*What to do*
Find the line containing "サゴーギターズSTLの入荷で" in the entries below. Restate it and each line after it, word for word, up to and including the line containing "- 而「NEXSON 65W氮化鎵快充電源供應器PDQC3.0」,使用雙孔Type-C分流輸出,雙充也不搶電~~".

(Beginning of The records)

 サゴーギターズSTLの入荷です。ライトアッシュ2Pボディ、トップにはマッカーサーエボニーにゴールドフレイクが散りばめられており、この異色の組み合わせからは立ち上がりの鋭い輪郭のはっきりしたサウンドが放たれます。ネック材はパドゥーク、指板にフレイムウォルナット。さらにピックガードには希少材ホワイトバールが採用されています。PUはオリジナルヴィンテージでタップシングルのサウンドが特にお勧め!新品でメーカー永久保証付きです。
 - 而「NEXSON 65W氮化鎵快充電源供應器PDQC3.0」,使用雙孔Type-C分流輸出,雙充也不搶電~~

(End of The records)
(Beginning of The records)

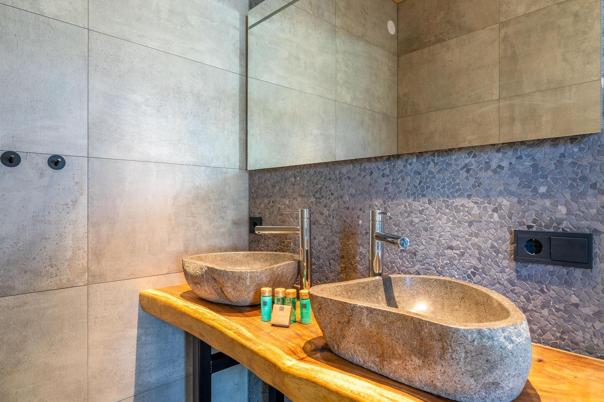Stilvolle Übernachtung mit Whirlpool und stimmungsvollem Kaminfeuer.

(End of The records)

*Exercise output*
 サゴーギターズSTLの入荷です。ライトアッシュ2Pボディ、トップにはマッカーサーエボニーにゴールドフレイクが散りばめられており、この異色の組み合わせからは立ち上がりの鋭い輪郭のはっきりしたサウンドが放たれます。ネック材はパドゥーク、指板にフレイムウォルナット。さらにピックガードには希少材ホワイトバールが採用されています。PUはオリジナルヴィンテージでタップシングルのサウンドが特にお勧め!新品でメーカー永久保証付きです。
 - 而「NEXSON 65W氮化鎵快充電源供應器PDQC3.0」,使用雙孔Type-C分流輸出,雙充也不搶電~~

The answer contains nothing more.